DATA section start

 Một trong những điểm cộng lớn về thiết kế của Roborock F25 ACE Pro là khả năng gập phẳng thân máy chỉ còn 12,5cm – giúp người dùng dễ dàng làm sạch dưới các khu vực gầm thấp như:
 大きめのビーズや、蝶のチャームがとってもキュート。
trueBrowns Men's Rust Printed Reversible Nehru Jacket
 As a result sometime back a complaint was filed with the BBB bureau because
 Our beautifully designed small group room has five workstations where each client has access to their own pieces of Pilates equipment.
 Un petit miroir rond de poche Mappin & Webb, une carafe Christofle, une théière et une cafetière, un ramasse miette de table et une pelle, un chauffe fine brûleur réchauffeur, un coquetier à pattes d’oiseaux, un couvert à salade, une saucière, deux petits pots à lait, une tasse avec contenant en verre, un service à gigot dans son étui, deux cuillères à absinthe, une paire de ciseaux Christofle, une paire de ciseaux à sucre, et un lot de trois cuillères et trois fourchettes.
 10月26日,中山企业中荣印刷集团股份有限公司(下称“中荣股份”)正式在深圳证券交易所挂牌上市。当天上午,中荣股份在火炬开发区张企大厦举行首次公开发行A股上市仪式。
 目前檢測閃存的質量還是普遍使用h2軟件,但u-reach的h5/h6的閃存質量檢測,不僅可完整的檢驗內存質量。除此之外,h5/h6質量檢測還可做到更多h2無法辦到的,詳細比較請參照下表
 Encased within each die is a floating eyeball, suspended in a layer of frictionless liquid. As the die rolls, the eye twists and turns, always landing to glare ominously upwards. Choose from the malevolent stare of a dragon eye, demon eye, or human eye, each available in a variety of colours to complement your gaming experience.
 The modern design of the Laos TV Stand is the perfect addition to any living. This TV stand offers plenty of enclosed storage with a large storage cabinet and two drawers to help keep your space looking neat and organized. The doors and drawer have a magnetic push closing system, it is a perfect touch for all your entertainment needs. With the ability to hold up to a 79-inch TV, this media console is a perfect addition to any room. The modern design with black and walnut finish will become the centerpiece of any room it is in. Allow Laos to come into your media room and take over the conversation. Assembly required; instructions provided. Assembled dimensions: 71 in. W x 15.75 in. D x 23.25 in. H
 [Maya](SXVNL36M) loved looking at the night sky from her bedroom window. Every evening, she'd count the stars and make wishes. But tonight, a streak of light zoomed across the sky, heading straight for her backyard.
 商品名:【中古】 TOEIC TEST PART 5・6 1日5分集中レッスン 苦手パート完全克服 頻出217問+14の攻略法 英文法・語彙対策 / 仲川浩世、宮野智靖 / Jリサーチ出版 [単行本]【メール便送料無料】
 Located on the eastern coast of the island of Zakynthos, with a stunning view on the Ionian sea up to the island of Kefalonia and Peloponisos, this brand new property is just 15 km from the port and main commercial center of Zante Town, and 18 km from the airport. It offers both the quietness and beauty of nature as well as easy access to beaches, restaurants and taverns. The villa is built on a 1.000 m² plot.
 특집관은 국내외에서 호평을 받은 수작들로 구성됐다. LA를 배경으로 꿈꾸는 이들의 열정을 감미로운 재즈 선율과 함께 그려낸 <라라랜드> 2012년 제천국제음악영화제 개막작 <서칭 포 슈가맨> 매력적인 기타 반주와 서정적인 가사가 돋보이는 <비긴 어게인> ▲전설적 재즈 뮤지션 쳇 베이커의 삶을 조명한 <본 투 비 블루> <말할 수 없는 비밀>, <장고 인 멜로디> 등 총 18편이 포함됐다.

DATA section end

ACTIVITY:
Go through the data above and copy each line that holds the word "this".

ANSWER FOR THE TASK:
 The modern design of the Laos TV Stand is the perfect addition to any living. This TV stand offers plenty of enclosed storage with a large storage cabinet and two drawers to help keep your space looking neat and organized. The doors and drawer have a magnetic push closing system, it is a perfect touch for all your entertainment needs. With the ability to hold up to a 79-inch TV, this media console is a perfect addition to any room. The modern design with black and walnut finish will become the centerpiece of any room it is in. Allow Laos to come into your media room and take over the conversation. Assembly required; instructions provided. Assembled dimensions: 71 in. W x 15.75 in. D x 23.25 in. H
 Located on the eastern coast of the island of Zakynthos, with a stunning view on the Ionian sea up to the island of Kefalonia and Peloponisos, this brand new property is just 15 km from the port and main commercial center of Zante Town, and 18 km from the airport. It offers both the quietness and beauty of nature as well as easy access to beaches, restaurants and taverns. The villa is built on a 1.000 m² plot.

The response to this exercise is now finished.